UAE Green Visa: Self-Sponsored 5-Year Residency

The UAE Green Visa is the marquee creation of the October 2022 residency reform — a five-year, self-sponsored residency that sits between the old Investor Visa and the headline Golden Visa. For skilled employees who no longer want their residency tethered to a single employer, for freelancers earning serious money outside the salaried system, and for small-business owners sitting below the AED 2 million Golden Visa ceiling, the Green Visa is now the default answer. It was created by Federal Decree-Law No. 29 of 2021 and is the residency category most expats and freelancers researching their UAE move in 2026 are actually eligible for. This guide walks the three eligibility routes, the AED thresholds, family sponsorship, application mechanics, and how it stacks up against the Golden Visa.

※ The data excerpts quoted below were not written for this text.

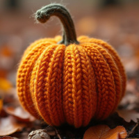 a vibrant orange knitted pumpkin, crafted from thick and chunky yarn. The pumpkin is adorned with a green stem that adds
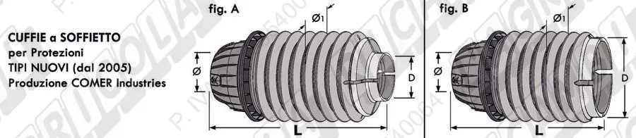 51.571-421 | CUFFIA Soffietto L=267 per Protezione Tubo Ø 66,5 (Senza Ghiera) Attacco D=Ø 160; Ø1=172 (fig. B) (details) | Prod. Comer Ind. | T40 (Dal 2005) V40 | |
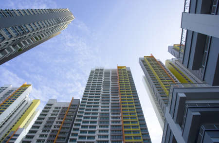 Resident apartment buildings against blue sky. Real estate background
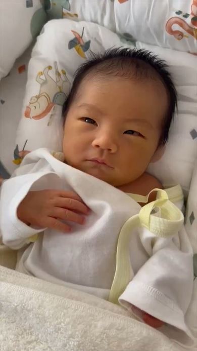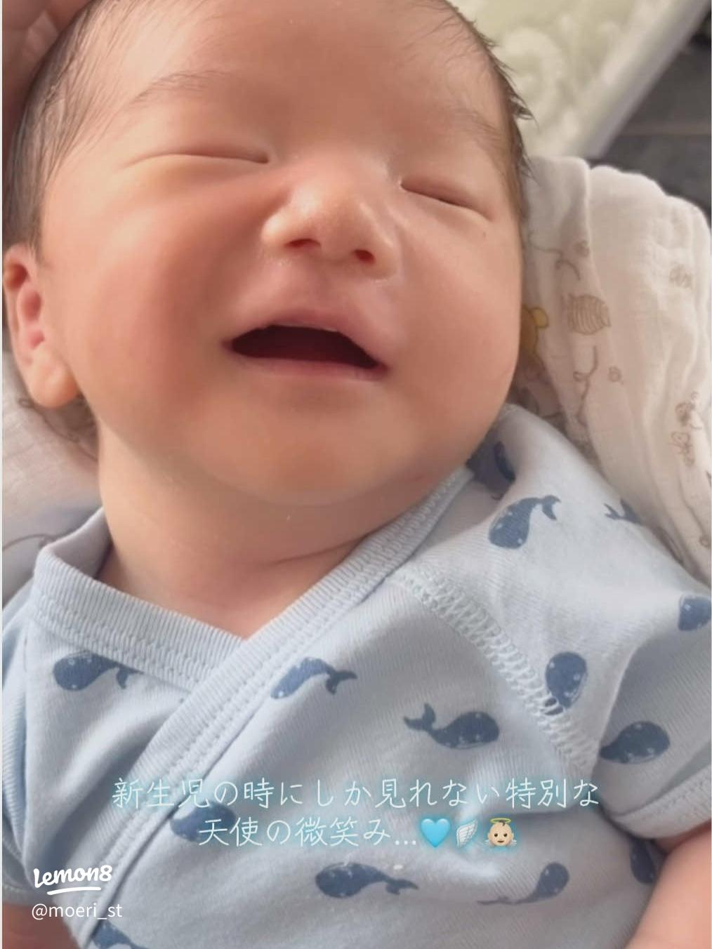 ♡ ▸▸▸ 生理的微笑 新生児微笑、天使の微笑とも言いますね ♡ 産まれてすぐの時に奇跡的に撮れたもの 𓆸𓈒𓂂1-2秒程度だから動画にしててたまたま映った 写真では撮るの難しいかも𓂅 この時期特有の生理的な笑いで 不随意運動として起こるもの。

See also Golden Visa, Freelance Permit, Family Sponsorship, the Golden Visa vs Green Visa comparison, and the Visa Guide hub.

At a Glance

Attribute Detail
Term 5 years, renewable
Sponsor Self-sponsored — no employer required
Skilled-employee threshold AED 15,000+ monthly salary, MOHRE skill levels 1-3, bachelor's degree
Freelancer threshold AED 360,000+ annual income (2-year average), valid UAE freelance permit
Investor threshold AED 1,000,000+ in qualifying UAE business equity
Family included Spouse, children any age, parents (on income), domestic helpers
Application channel ICP portal (federal) or GDRFA Dubai
Typical timeline 30-60 days
Total cost (holder) AED 2,500-4,000 plus medical, Emirates ID, insurance
Legal basis Federal Decree-Law No. 29 of 2021, effective October 2022

What the Green Visa Replaced

For two decades before October 2022, the standard expat residency in the UAE was a two-year permit tied to an employer. When the job ended, residency lapsed, the visa was cancelled, and the holder had a 30-day grace period to either find a new sponsor or leave the country. Children's school places, vehicle financing, mortgages, and tenancy contracts all ran through that single fragile thread.

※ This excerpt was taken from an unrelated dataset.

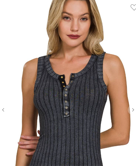 Sleek, soft, and effortlessly cool — this ash black ribbed tank features a flattering scoop neck and front button-up detail for a touch of edge. The stretchy ribbed fabric hugs in all the right places, making it perfect for layering or wearing solo.

Federal Decree-Law No. 29 of 2021 — effective October 2022 — was the structural break. It created a layer of self-sponsored residency categories that no longer required an employer. The Golden Visa already existed for the well-capitalised and the exceptionally talented; the new tier filled the much larger gap below it. The Green Visa is that tier. Five years, renewable, employer-decoupled, with three doors in: skilled employment, freelance income, or private-business investment. A skilled professional made redundant on a Green Visa keeps their residency. A freelancer between contracts keeps their residency. A small-business owner who scales back their operation keeps their residency.

The legal text also expanded Golden Visa eligibility, opened entrepreneur and specialised-talent routes, and introduced the freelance permit as a stand-alone instrument. But for the working majority of UAE-bound expats and freelancers, the Green Visa is the practical face of the 2022 reform.

Route 1 — Skilled Employee

The most common Green Visa route. It targets salaried professionals who are already employed in the UAE on a standard work visa and want to upgrade to a self-sponsored five-year residency.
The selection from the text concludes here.